Minggu, 22 Maret 2020

Materi Kelas XI TKJ 1 & XI TKJ 2

Konfigurasi Point To point Menggunakan Litebeam M5 - Access Point dan Station | Teknik Komputer dan Jaringan





Pengertian Jaringan Point To Point




Gambar 4.1. 1 Cara Kerja Jaringan Point To Point

Jaringan Point To Point adalah metode pendistribusian akses insternet yang hanya melibatkan dua site saja. Topologi Point To Point umumnya dipakai oleh ISP untuk mendistribusikan akses internet dari POP (Point Of Presence) hanya ke satu pelanggan saja menggunakan radio wireless, syarat jaringan wireles dikatakan sebagai PTP adalah jika hanya terdapat satu radio station yang terkoneksi ke access point. Secara umum jaringan yang lebih kecil dan terlokalisasi secara geografis cenderung memakai jaringan broadcast, sedangkan jaringan yang lebih besar umumnya menggunakan point to point.

b. Spesifikasi Litebeam M5

Dalam menerapkan jaringan Point To Point, salah satu perangkat yang digunakan adalah Litebeam M5. Salah satu type dari penyedia perangkat jaringan Ubiquiti. Bagian-bagian Litebeam M5 adalah Antenna Feed, Center Reflector Panel, Side Reflector Panel, Metal Strap, Ball Joint Mount, Set Screws, dan Adaptor POE (25V;0,2 A).

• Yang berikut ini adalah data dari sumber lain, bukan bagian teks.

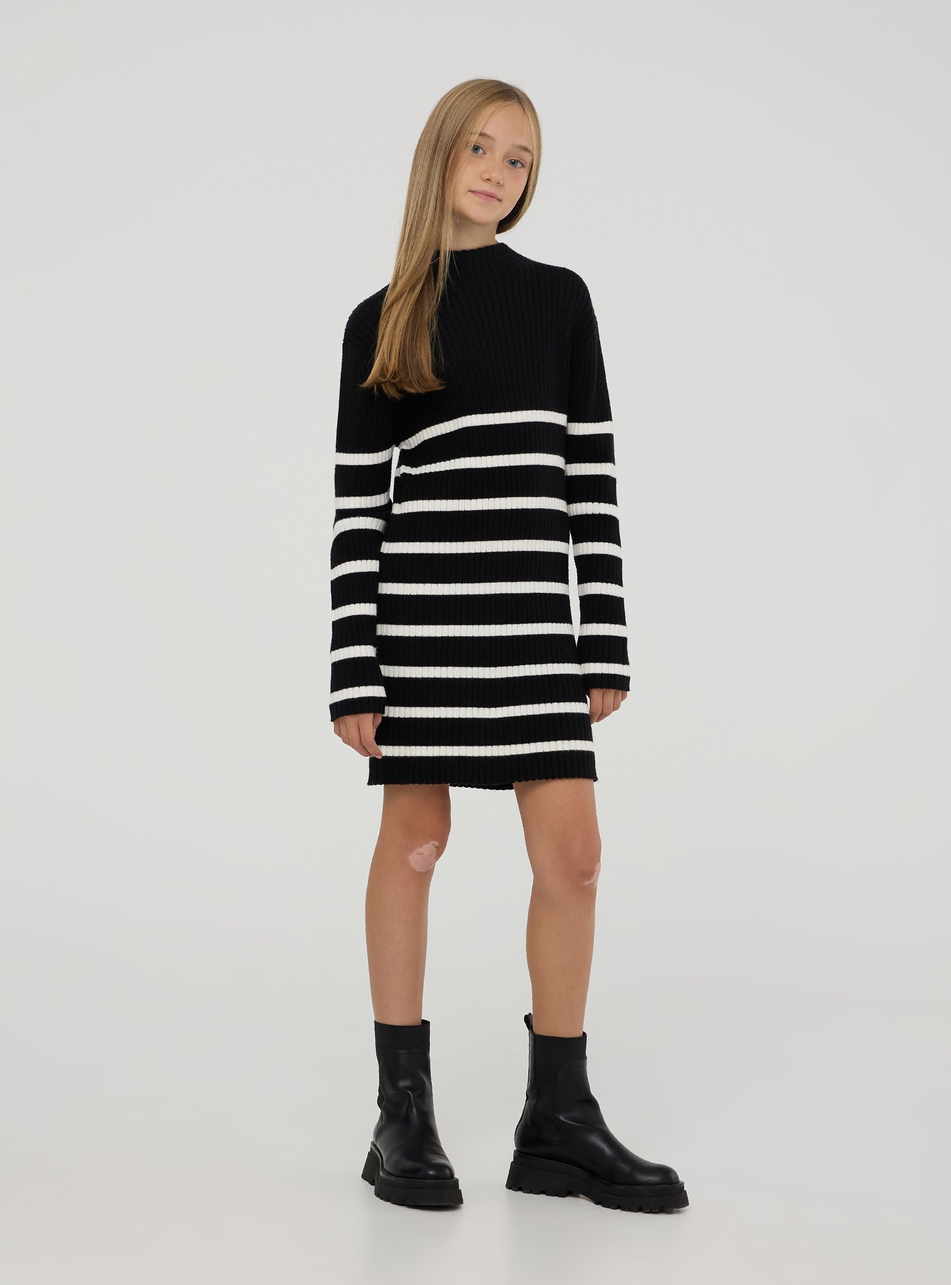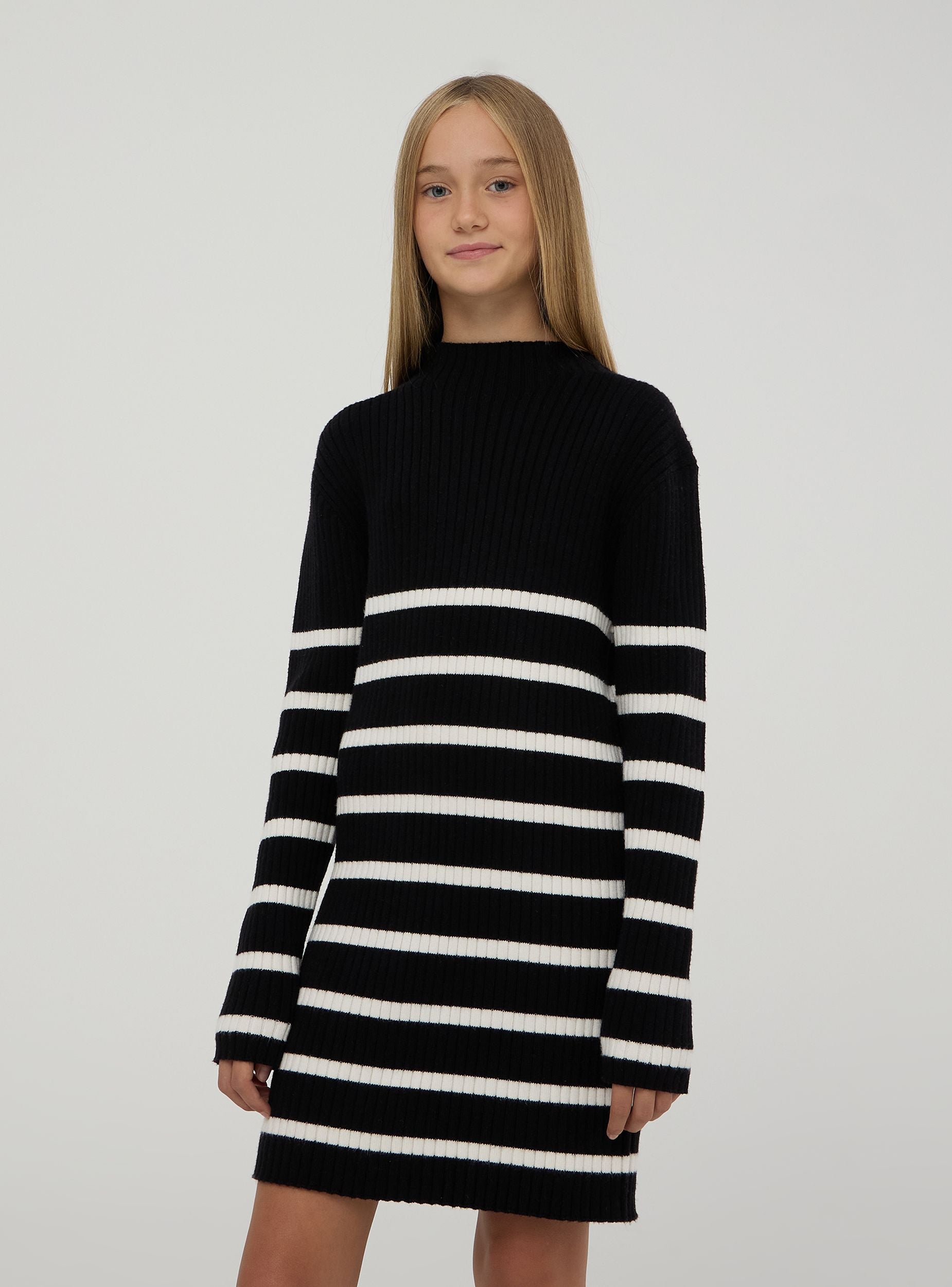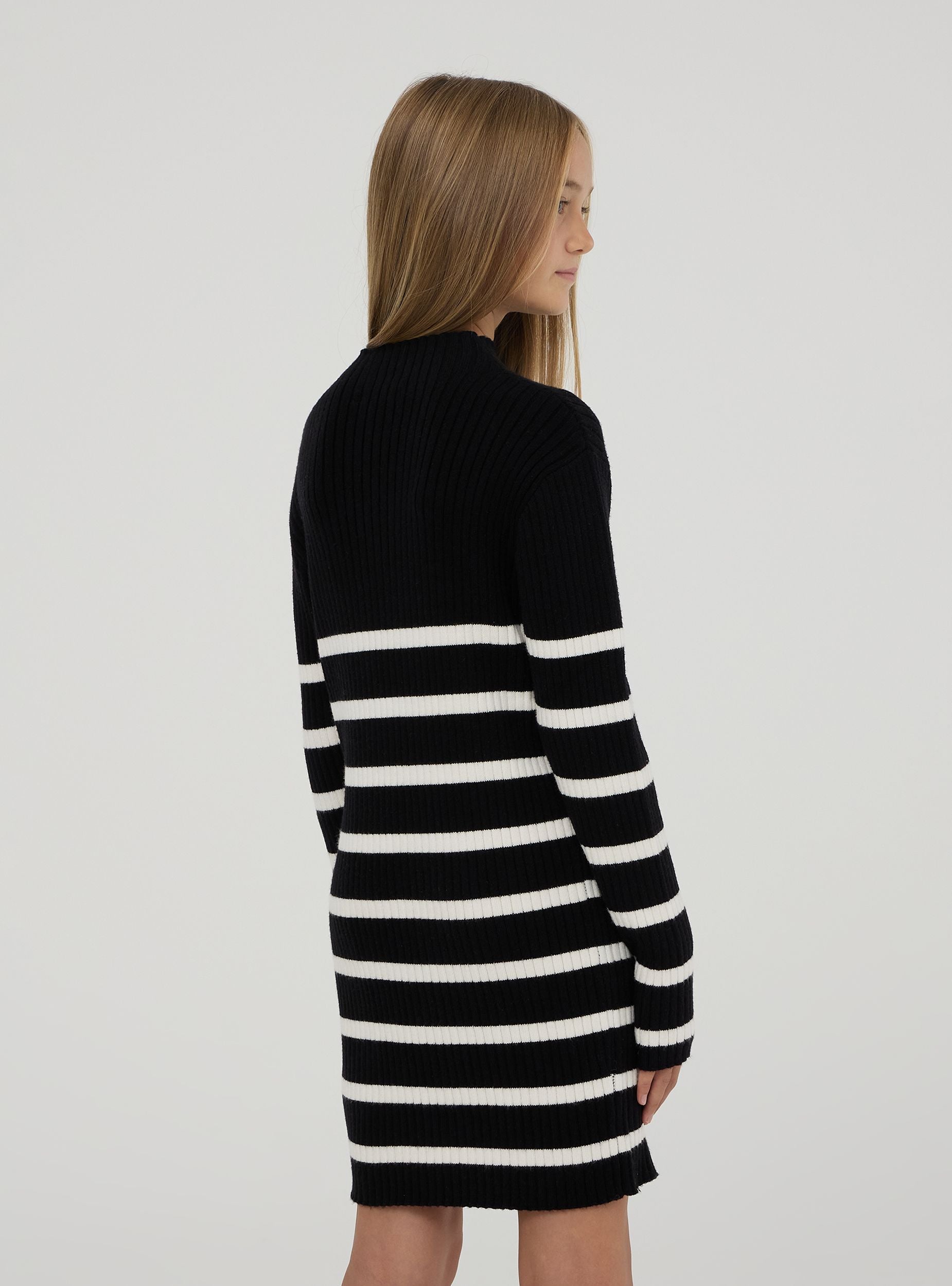 Детска плетена рокля с хоризонтални райета. Дизайнът с дълги ръкави предлага прилепнала кройка с дължина до средата на бедрото. Както предната, така и задната част са украсени със същия райета, създавайки модерен вид. Този артикул е идеален за небрежен и удобен вид.

Adapun spesifikasi litebeam M5 adalah sebagai berikut:

1. Spesifikasi Processor: MIPS 74K.
2. Memory: 64MB.
3. Network Interface: 1 x 10/100 Ethernet Pelabuhan.
4. Frekuensi Operasi: Seluruh Dunia: 5150 - 5875MHz, USA: 5150-5250, 5725 - 5850MHz.
5. Antenna Gain: 23dBi.
6. Daya Maksimum Output: 25dBm.
7. Maksimum Konsumsi Daya: 4W.
8. Power Supply: 24V, 0.2A PoE Adapter.
9. Metode Power: Pasif PoE (pasangan 4, 5 +; 7, 8 Kembali).
10. Suhu Operasional: -40 sampai 158deg F (-40 sampai 70deg C).
11. Kelembaban Operasi: 5-95% tanpa pengembunan.
12. Angin Survivability: 125mph (200km / h).

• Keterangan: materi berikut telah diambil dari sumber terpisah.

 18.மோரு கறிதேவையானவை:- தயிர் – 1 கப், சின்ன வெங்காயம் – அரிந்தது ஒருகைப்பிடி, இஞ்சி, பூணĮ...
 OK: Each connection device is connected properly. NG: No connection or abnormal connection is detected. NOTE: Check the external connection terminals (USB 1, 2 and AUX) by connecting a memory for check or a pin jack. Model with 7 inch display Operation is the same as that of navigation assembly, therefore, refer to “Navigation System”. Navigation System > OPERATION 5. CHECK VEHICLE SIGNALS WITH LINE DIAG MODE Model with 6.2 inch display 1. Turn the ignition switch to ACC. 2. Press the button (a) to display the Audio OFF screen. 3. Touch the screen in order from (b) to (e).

Gambar 4.1. 2 Radiolink Litebeam M5

B. ALAT DAN BAHAN

1. LiteBeam M5

Gambar 4.2. 1 Perlengkapan Radiolink Litebeam M5


Gambar 4.2. 2 Side Reflector Panel
2. Kabel UTP

Gambar 4.2. 3 Kabel UTP




3. Konektor RJ 45

Gambar 4.2. 4 Konektor RJ 45



4. Crimping Tool

Gambar 4.2. 5 Crimping Tool


5. LAN Tester

Gambar 4.2. 6 LAN Tester


6. Tiang Galvanis

Gambar 4.2. 7 Tiang Galvanis Type Z


7. Safety Belt

Gambar 4.2. 8 Safety Belt


8. Tower/Base Transcevier Station (BTS)

Gambar 4.2. 9 Base Transceiver Station

KESELAMATAN KERJA

Sebelum melakukan konfigurasi, pastikan semua perangkat jauh dari benda cair agar tidak terjadi konsleting listrik. Periksa juga kabel yang digunakan sehingga aman dari sengatan arus listrik yang biasanya disebabkan oleh kabel terkelupas dan sebagainya.

LANGKAH KERJA

a. Konfigurasi Radiolink Litebeam M5  Sebagai Pemancar

1. Isikan IP address pada laptop yang kita gunakan saat konfigurasi sesuai dengan alamat IP Default radio Litebeam M5. Secara default perangkat radio Litebeam M5 memiliki IP Address 192.168.1.20 sehingga IP yang harus di gunakan adalah IP yang sama (misalnya 192.168.1.2), dengan Subnet Mask 255.255.255.0, Default Gateway  192.168.1.1, Preferred DNS Server 8.8.8.8, dan Alternate DNS Server 8.8.4.4. untuk lebih jelasnya lihatlah gambar di bawah ini.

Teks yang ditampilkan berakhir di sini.